Das hat mir bis jetzt immer ausgereicht. Für AS511 und RK512 empfehle ich http://www.merz-sw.com/
Gruss
Question_mark


----------



## rgeber (4 Oktober 2004)

Hi

Sollte für Siemens alleine ausrichen 

Aber ich will mir hier einen generellen Überblick über die OPC Technik verschaffen, erst mal unabhängig von Steuerungsherstellern. Das kommt dann später.

Weiß jemand ob es OPC Server für Linux, FreeBSD oder MacOS X gibt?

rg


----------



## Question_mark (4 Oktober 2004)

Hallo rgeber,


> Weiß jemand ob es OPC Server für Linux, FreeBSD oder MacOS X gibt


Ist mir nicht bekannt. Ich glaube es auch nicht, da OPC Funktionen des Windows Betriebssystem ab NT 4 nutzt (genauer gesagt COM, weitere Infos dazu unter http://www.computerbase.de/lexikon/Component_Object_Model). Von daher sind andere Betriebssysteme als M$ erst mal nicht in der Lage, mit OPC umzugehen. Es ist vielleicht möglich, dass irgend jemand eine COM Emulation (oder was auch immer) für Linux geschrieben hat, ist mir aber nicht bekannt.
Unter Linux müsste aber zumindest ein OPC-Client nach dem DX Standard möglich sein, meines Wissens kann Linux mit XML-Dokumenten umgehen. Zu Linux kann Zottel aber bestimmt mehr sagen als ich.
Gruss
Question_mark


----------



## rgeber (4 Oktober 2004)

Hm, klingt ernüchternd. Habe mit den Unix Systemen vor allem im Punkto Stabilität sehr gute Erfahrungen. Na ja, hoffe noch auf ne andere Antwort.

rg


----------



## Kurt (4 Oktober 2004)

Es gibt ja auch Softwarefirmen die 'nur' OPC Server haben.
zB.:  www.kepware.com
und dazu viele BusServer (Kommunikationstreiber) anbieten.

Ob man dazu aber für jeden 'Vendor' also 'Protokoll/HW/Kommtreiber Ding' einen eigenen OPC Server hat oder ob einem Client über *einen* Server alle 'Steuerungen' zur Verfügung stehen .... weis nicht.

Kurt


----------



## Zottel (4 Oktober 2004)

Question_mark schrieb:
			
		

> Hallo rgeber,
> 
> 
> > Weiß jemand ob es OPC Server für Linux, FreeBSD oder MacOS X gibt
> ...


Es gibt eine Implementation von DCOM (dem unter OPC liegenden Mechanismus für verteilte Objekte) für LINUX:

[url]http://www2.softwareag.com/at/products/entirex/downloads/download_exxdcom.asp.
[/url]
Soweit ich weiß, gibt es auch Hersteller, die darauf aubauend OPC machen. Aber da ich mich zuletzt vor mehr als 18 Monaten dafür interessiert habe, weiß ich nicht was aktuell ist.
google +OPC +linux.
Es hilft dir bloß nicht wirklich, wenn es die gerätespezifischen Server der Hersteller immer nur für Windows gibt.
Wenn du client und server unter Linux haben willst, sie dir mal ACPLT an.

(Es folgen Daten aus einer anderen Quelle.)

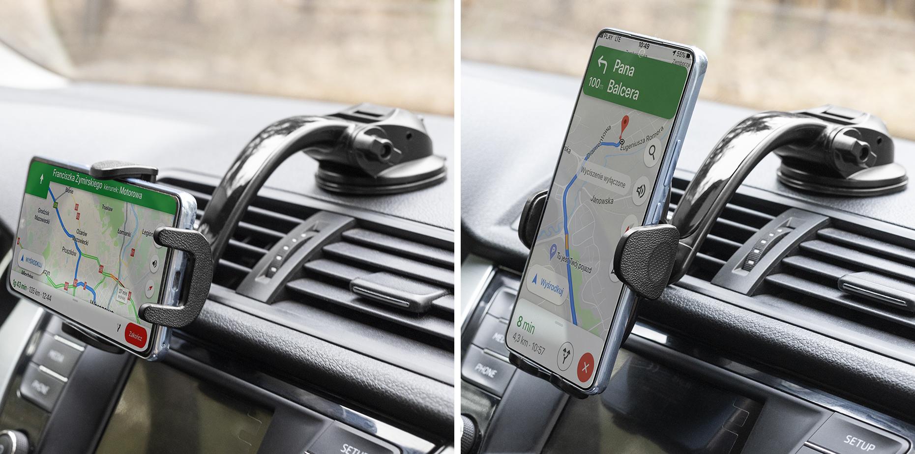 To samo połączenie pozwala na regulację pochylenia telefonu względem szyby czy deski w samochodzie.
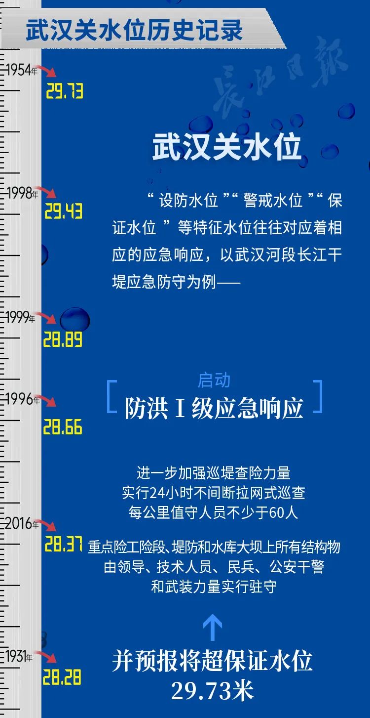 《武汉市城市防洪应急预案总体预案》显示,长江武汉关站历年最高水位超过27.00米,此前按照由高到低排列前十的水位分别是:
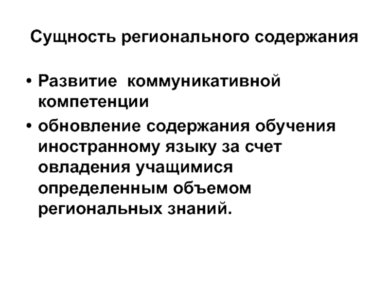 Сущность регионального содержанияРазвитие коммуникативной компетенции обновление содержания обучения иностранному языку за счет овладения учащимися определенным объемом региональных
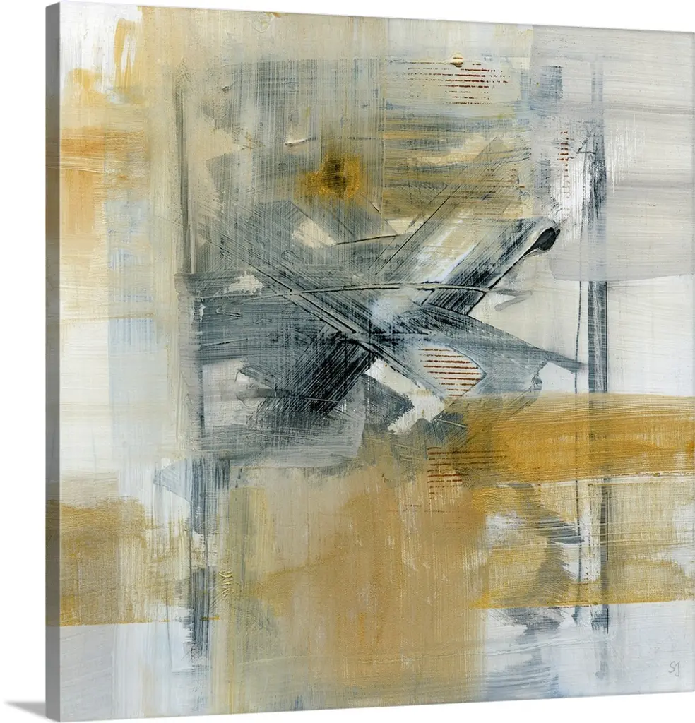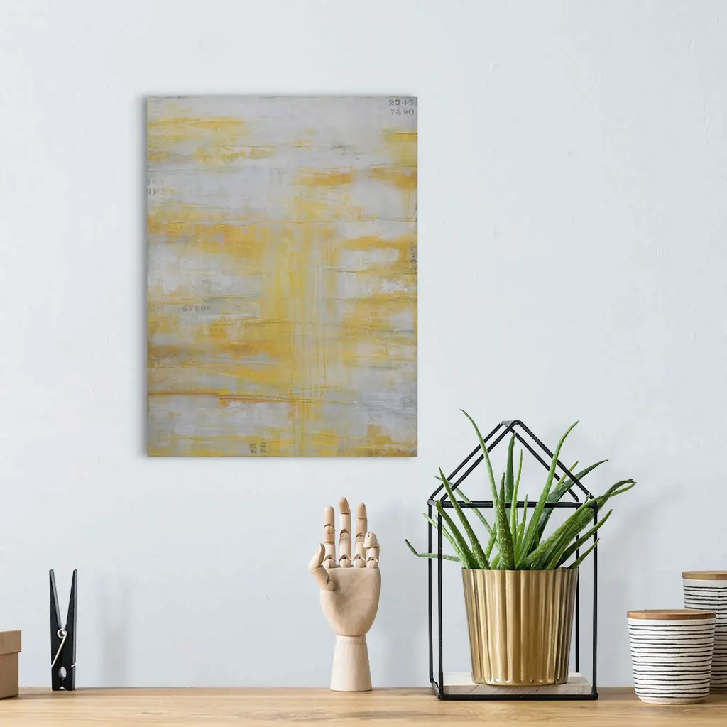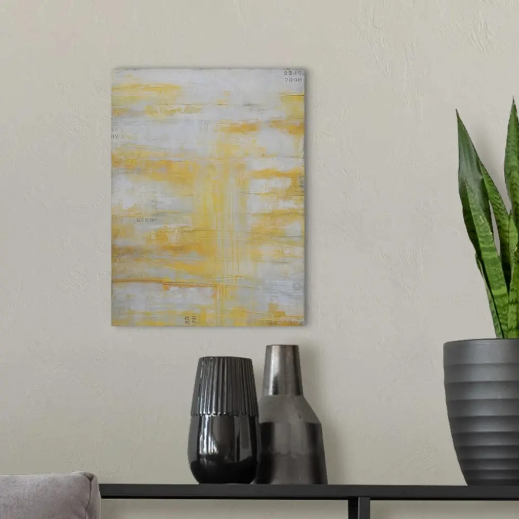 Abstract artwork with a silver background and gold dusted across it and dripping down.
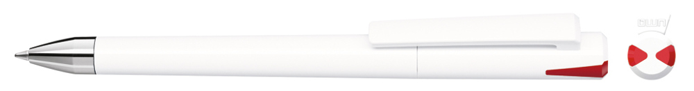 Drehkugelschreiber mit gedeckt glänzendem Gehäuse und Oberteil mit zwei farbigen Stopfen in gedeckt oder transparent. Schwere Metallspitze glanzverchromt.
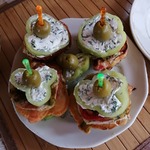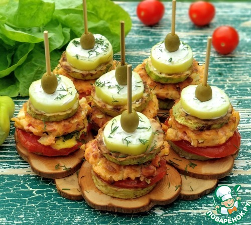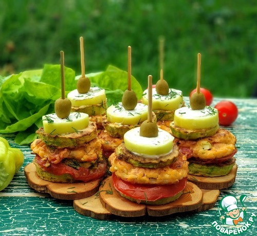 Далее соберём башенки. Сначала кабачки, затем помидоры с омлетом, оладушки, кабачки и нарезанный фаршированный перец.
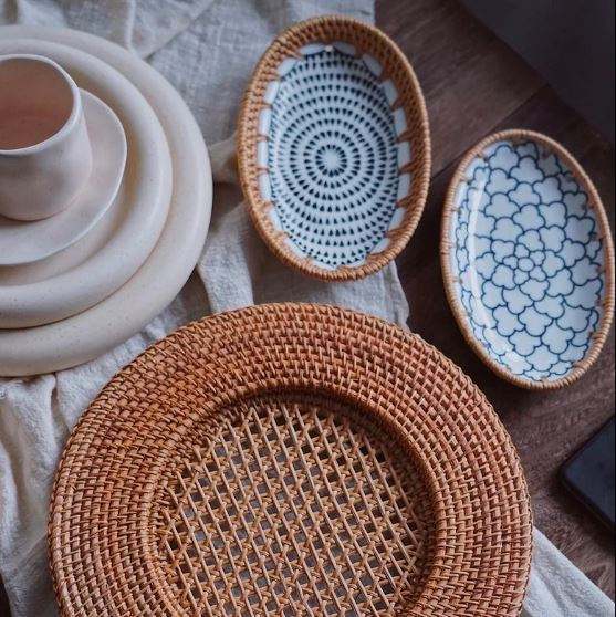 ถาดเสิร์ฟอาหารทำจากหวายถาดเสิร์ฟอาหารแบบกำหนดรูปร่างและขนาดได้
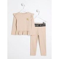 River Island Mini Girls Ribbed Waistband Top And Legging Set Size & Fit Available in sizes 12-18 months - 4-5 years Details Girls Ribbed Waistband Top And Legging Set by River Island Mini Beige Crew neck Long sleeves Frill shoulder and hemline Branded & elasticated waistband Material & Care Material Content: Cotton: 100% Washing Instructions: Machine Washable Set of 2 Ribbed fabric Top Crew neck Frill detail Embroidery RI branding Long sleeves Bottoms Elasticated RI waist

[url]http://acplt.plt.rwth-aachen.de/ks/ks.html
[/url]
Das ist ein ähnliches System wie OPC, das heißt es gibt Server, die mit der SPS kommunizieren und die Werte netzweit zur Verfügung stellen.
Für S7 gibt es mindestens einen kommerziellen Server.
Windows-Clients gibt´s auch.

Eine geeignet konfigurierte Installation meiner Visualisierungssoftware VISUAL kann prinzipiell die Daten aller unterstützten SPSen als (wenig kofortabler) ACPLT-Server anbieten.

[url]http://visual.sourceforge.net
[/url]
Dazu ist der aktuellste Code aus dem CVS erforderlich.
[/url]


----------



## Question_mark (4 Oktober 2004)

Hallo,
nur zur Klärung der Begriffe :
COM   = Server und Client auf dem gleichen Rechner
DCOM= Server und Client auf unterschiedlichen Rechnern im Netzwerk
Gruss
Question_mark


----------



## rgeber (5 Oktober 2004)

Danke für die Links und Erklärungen, werde das gleich mal durch gehen.

rg


----------



## Rudi (17 Oktober 2004)

Wer kann einen OPC-Server für Siemensprodukte empfehlen der wenig "Programmierkentnisse" benötigt und wo zumindest die Hilfedateien in Deutscher Sprache verfasst sind.


----------



## Question_mark (17 Oktober 2004)

Hallo Rudi,


> der wenig "Programmierkentnisse" benötigt


das ist eigentlich bei allen OPC-Servern gegeben, die werden installiert und evtl. parametiert, fertig iss dat Ding (ausser man will den unbedingt selber programmieren  :? ).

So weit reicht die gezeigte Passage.